• _PROBLEM TO SOLVE_
Write out nothing except the lines of the entries below, from the first through the one containing "dem Land Tirol", exactly and without pictures.

• _Data items_
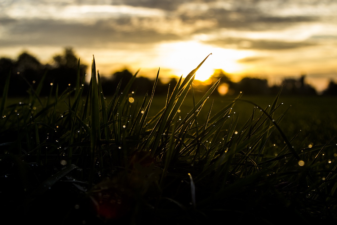 Deze foto heb ik zaterdag 19 oktober gemaakt. De dauw druppels zitten nog op de grassprieten.
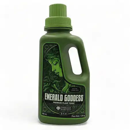 Emerald Goddess da Emerald Harvest é o tónico vegetal definitivo, concebido para transformar o seu jardim num paraíso exuberante e de alto rendimento. Este biocatalisador premium combina o poder da natureza com a precisão científica para aumentar a energia das suas plantas, garantindo um crescimento vigoroso e flores pesadas e resinosas.
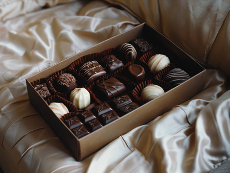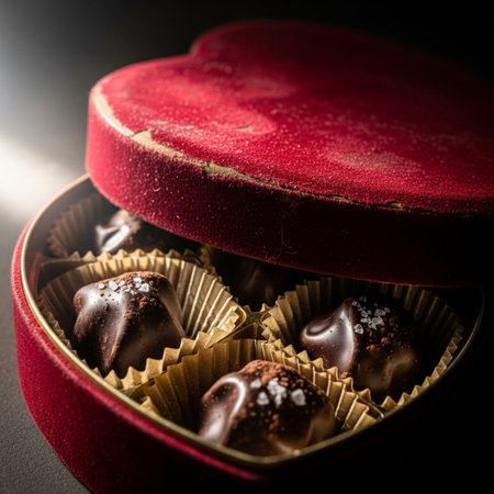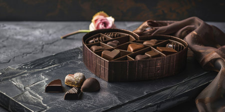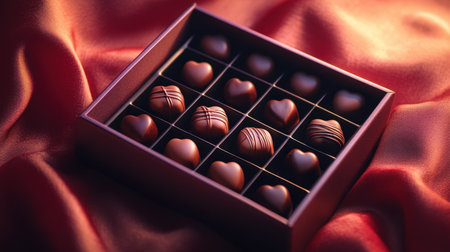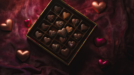 A flat lay of a Valentine chocolate box with chocolates spilling out, set on a soft velvet surface with heart-shaped accents and subtle lighting
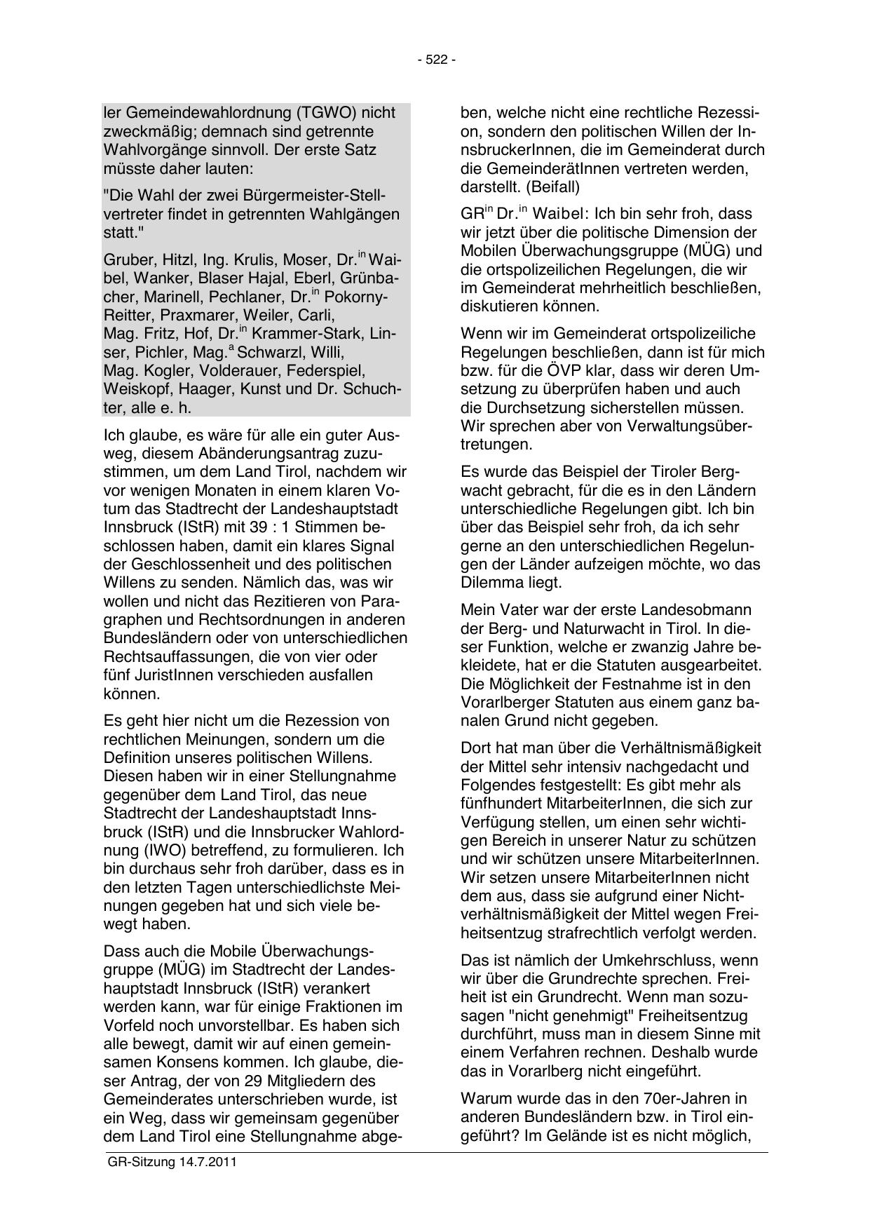dem Land Tirol eine Stellungnahme abgeGR-Sitzung 14.7.2011
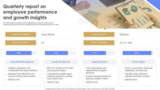 This slide depicts a quarterly report highlighting an employees performance, emphasizing goal achievement, professional growth, and alignment with core values. Find highly impressive Quarterly Report On Employee Performance And Growth Insights Quarterly Report Ppt Example on Slidegeeks to deliver a meaningful presentation. You can save an ample amount of time using these presentation templates. No need to worry to prepare everything from scratch because Slidegeeks experts have already done a huge research and work for you. You need to download Quarterly Report On Employee Performance And Growth Insights Quarterly Report Ppt Example for your upcoming presentation. All the presentation templates are 100 percent editable and you can change the color and personalize the content accordingly. Download now This slide depicts a quarterly report highlighting an employees performance, emphasizing goal achievement, professional growth, and alignment with core values.
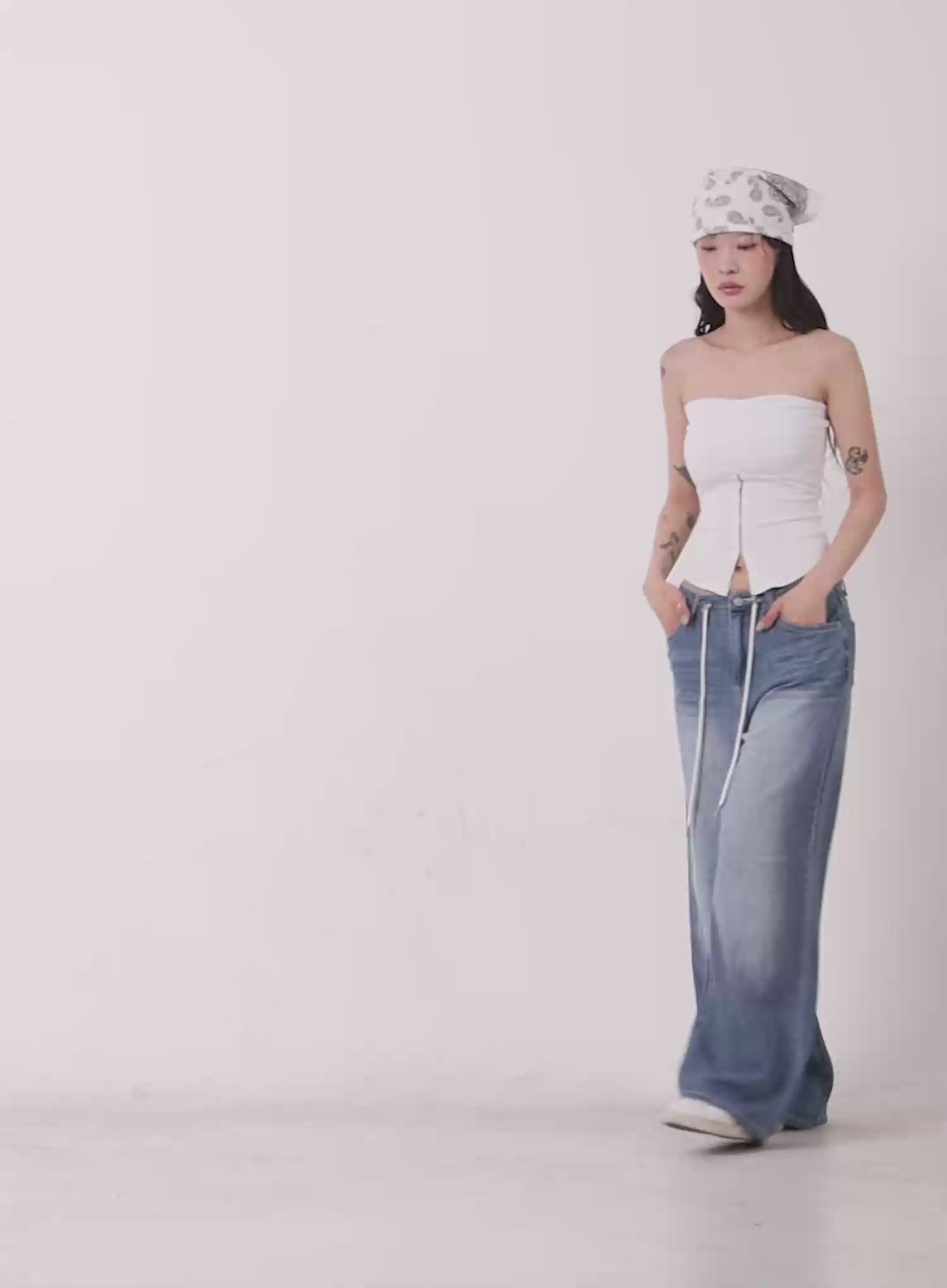 Tsuki Baggy Drawstring Denim Jeans IC503
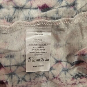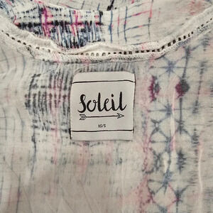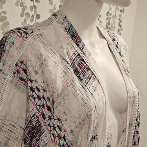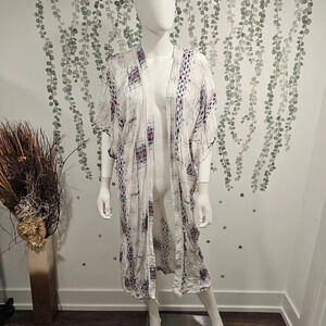 This is a new, white, long-sleeved, open-front, rayon kimono by Soleil. It features a geometric pattern in shades of pink, blue, and black. The kimono has a lace trim around the neckline and sleeves. It is made of 100% rayon and is machine washable. The kimono has a relaxed fit. It is in new condition without tags or box.
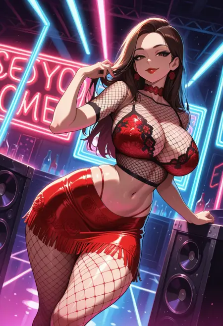 /color/ lace flowers outfit (choker, fishnet shirt/top/bra, fishnet leggings, fishnet skirt, thong)
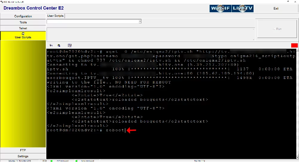 Once connected to your box via Dreambox Control Center, it`s time to execute the Autoscript command which should be provided by your IPTV provider. These scripts can be given in two versions:
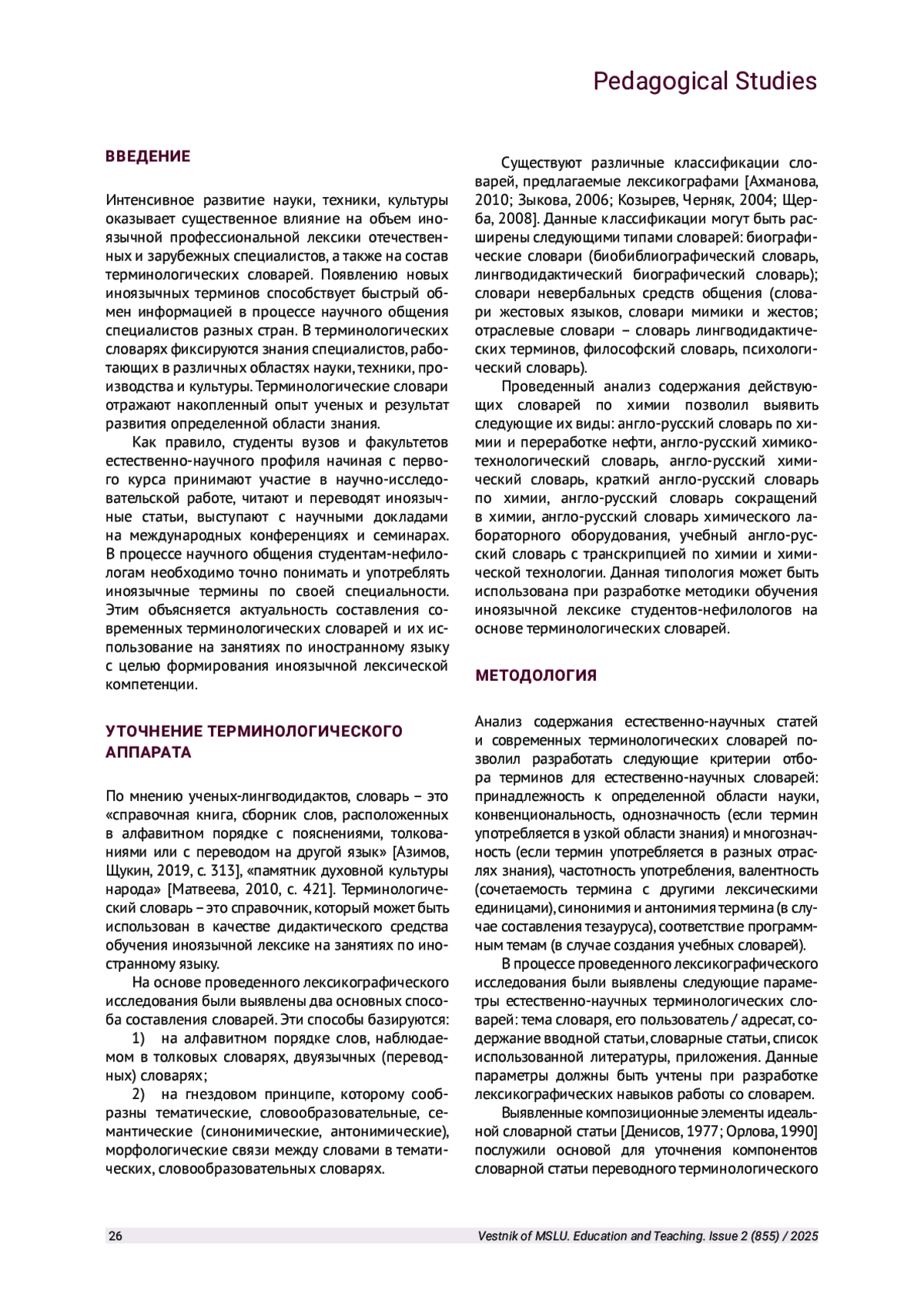 1. Азимов Э. Г., Щукин А. Н. Современный словарь методических терминов и понятий. Теория и практика обучения языкам. 2-е изд., стер. М.: Русский язык. Курсы, 2019. EDN: WAWCWY

• _ANSWER SPACE_
 Deze foto heb ik zaterdag 19 oktober gemaakt. De dauw druppels zitten nog op de grassprieten.
 Emerald Goddess da Emerald Harvest é o tónico vegetal definitivo, concebido para transformar o seu jardim num paraíso exuberante e de alto rendimento. Este biocatalisador premium combina o poder da natureza com a precisão científica para aumentar a energia das suas plantas, garantindo um crescimento vigoroso e flores pesadas e resinosas.
 A flat lay of a Valentine chocolate box with chocolates spilling out, set on a soft velvet surface with heart-shaped accents and subtle lighting
dem Land Tirol eine Stellungnahme abgeGR-Sitzung 14.7.2011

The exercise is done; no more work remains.